I have nothing against Justin Bieber. In fact, I’m sure he’s a really good person and he seems like an amazing boyfriend to Selena Gomez. I just don’t know why I have to be forced to listen to ‘Baby’ over and over again whenever I’m in the car with my daughter Sunny. I also don’t think it’s fair that if I put on anyone other than Justin Bieber or Britney (like my all time fave Michael Jackson), she puts her fingers in her ears and starts screaming at the top of her lungs for me to “turn it off!” If I don’t turn off my favorite songs right away, she starts crying hysterically. And you don’t even want to know what happens when Cee-Lo accidentally comes on.
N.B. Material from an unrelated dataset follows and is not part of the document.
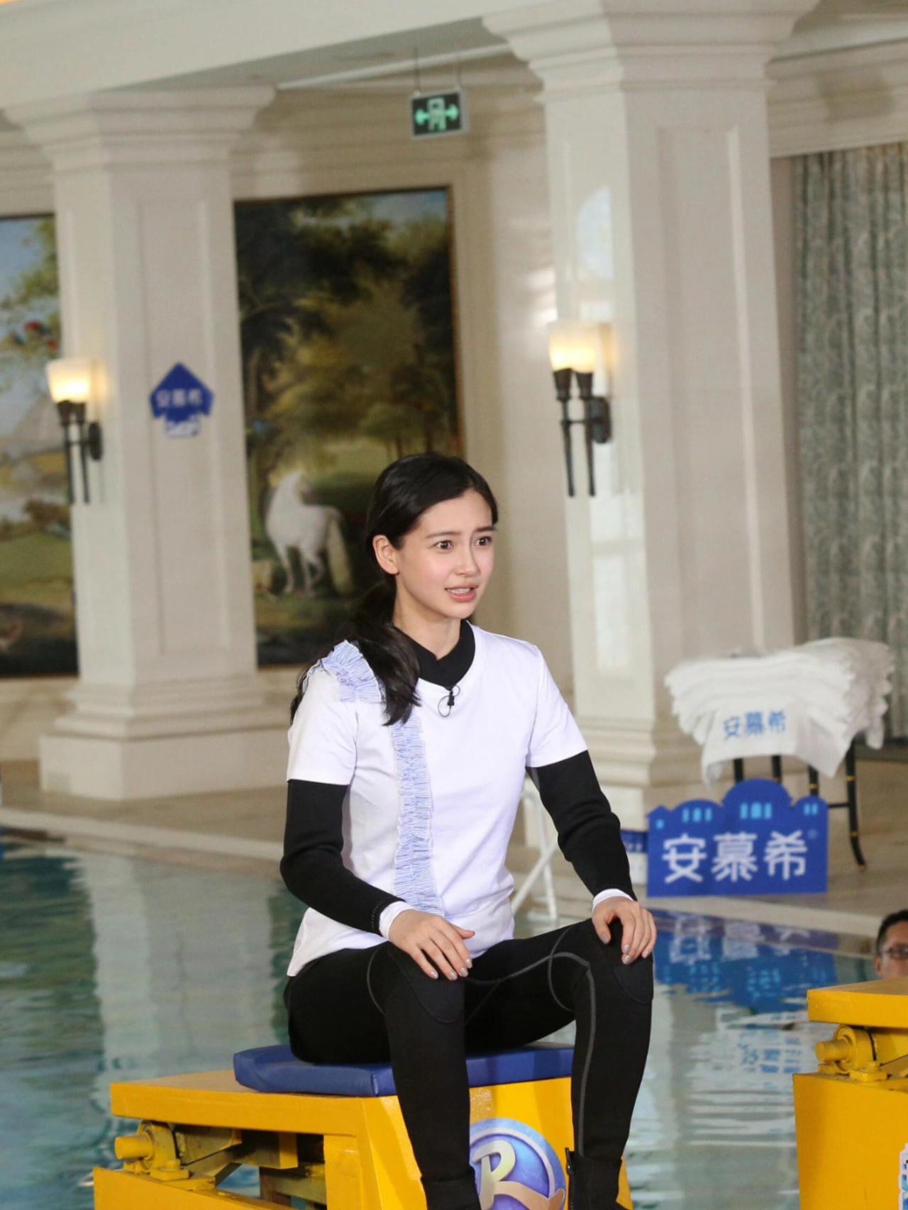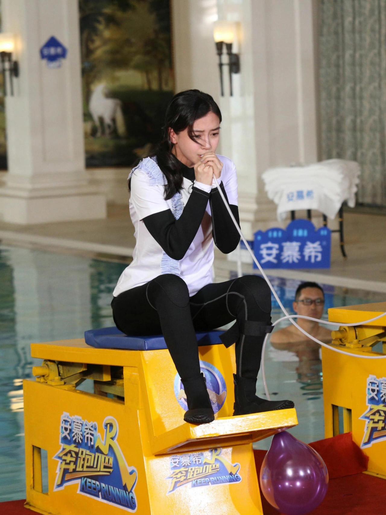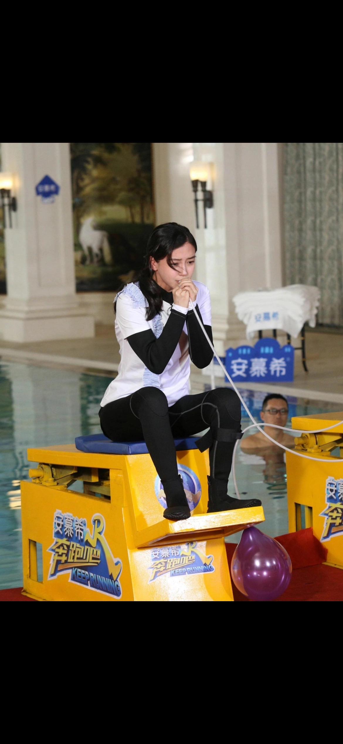 杨颖用力吹管子,憋红了脸!杨颖 这谁顶得住啊 泳池美女 综艺节目
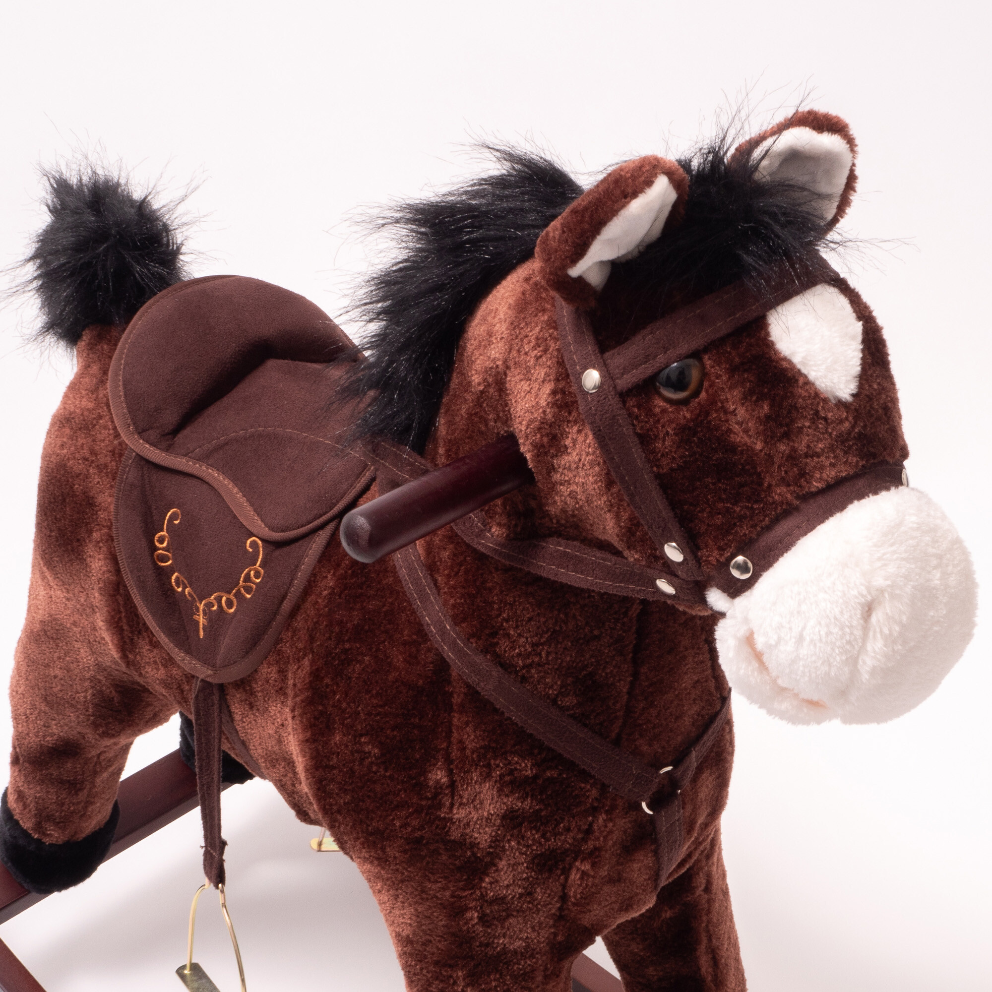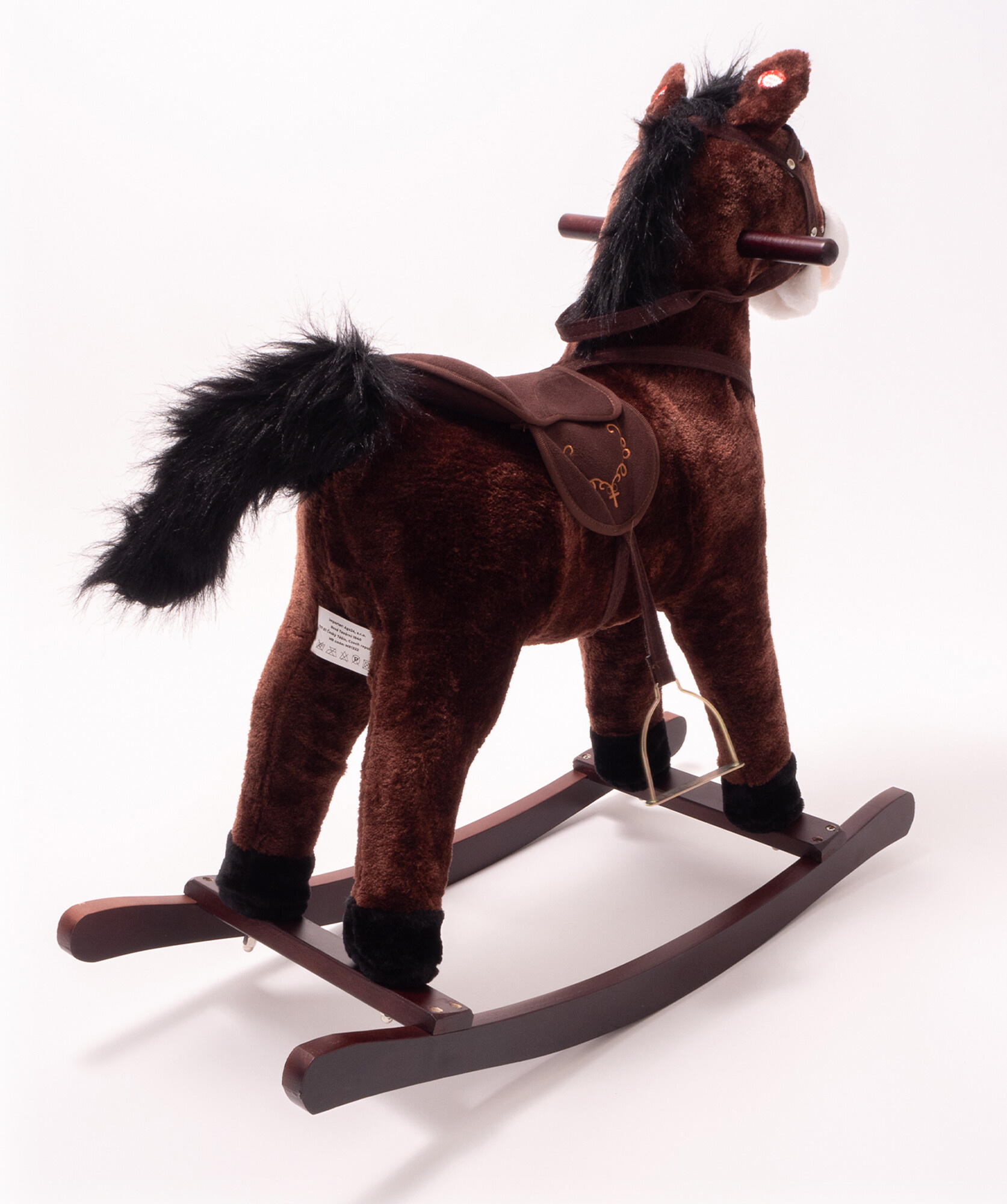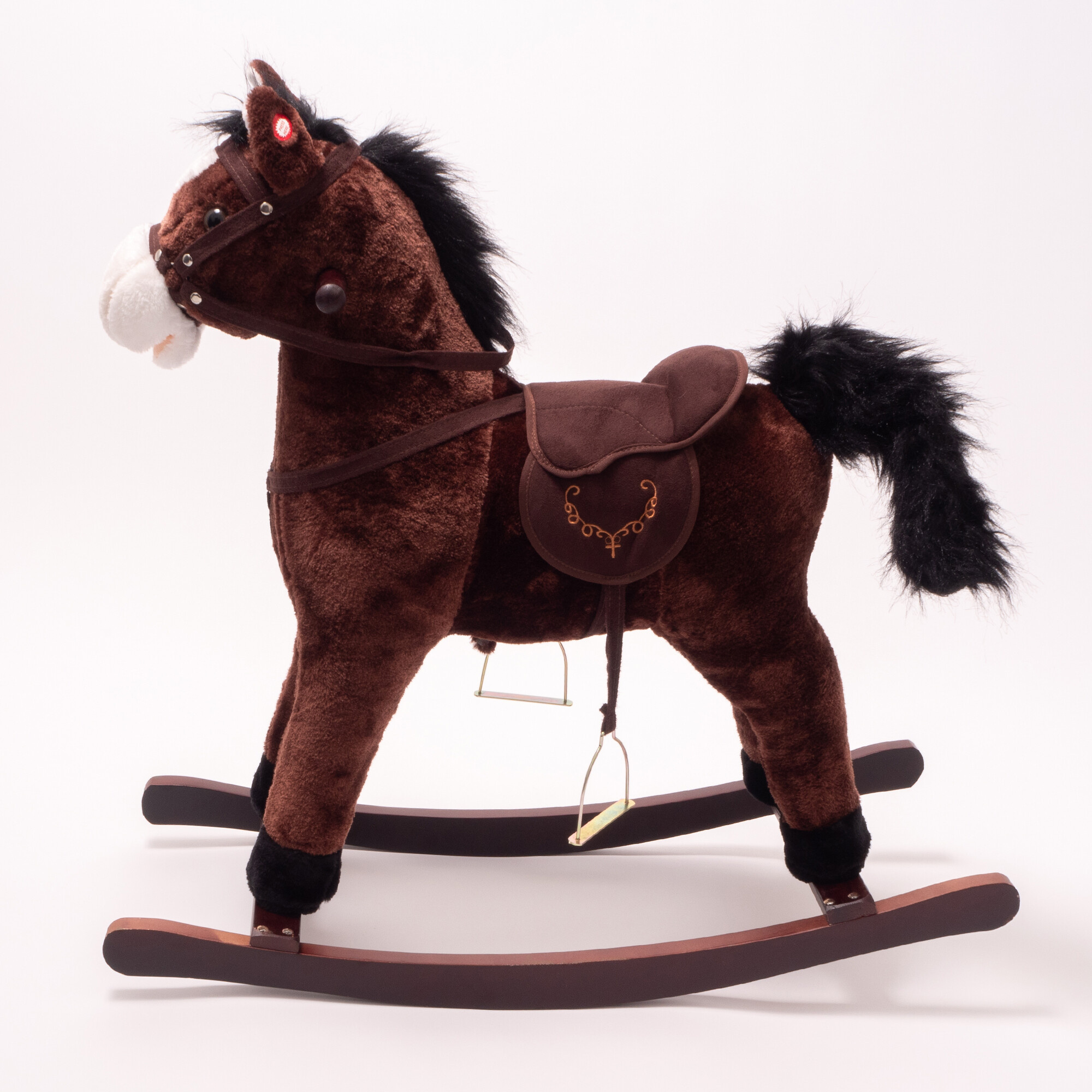 Houpací koník je vyroben z kvalitního plyše a dřeva, což zajišťuje jeho dlouhou životnost a bezpečnost pro vaše děti. Jeho realistický vzhled a jemný plyšový povrch zaručují, že se stane oblíbeným společníkem každého malého jezdce. S rozměry 74 cm na výšku, 76 cm na délku a 28 cm na šířku je koník dostatečně velký, aby poskytl pohodlnou jízdu, ale zároveň kompaktní, aby se vešel do každého dětského pokoje.

I pick up Sunny from school and her first request is always for me to turn on some music. I humor her by putting on Justin Bieber first because watching her dance in my rearview mirror might be the cutest thing ever. But then all I hear over and over and over again is, “Baby baby baby, oooh, like, baby baby baby…oohh!” Then she does the Ludacris part by moving her hands spastically in a way like she’s pretending to rap even though she totally doesn’t know the words.
Baby, baby baby oohh, like, baby baby baby, ooh. I’m starting to freak. I can’t deal. I begin to hate Justin Bieber and wish Usher had never discovered him. I start thinking horrible, violent thoughts about this 17-year-old kid who I don’t know.
“You know what? I don’t want to listen to this anymore, can we turn something else on?”
“NO, Mommy, NO.” Well guess what? Our radio just died. It needs to charge. And unfortunately, sometimes car radio chargers take FOREVER.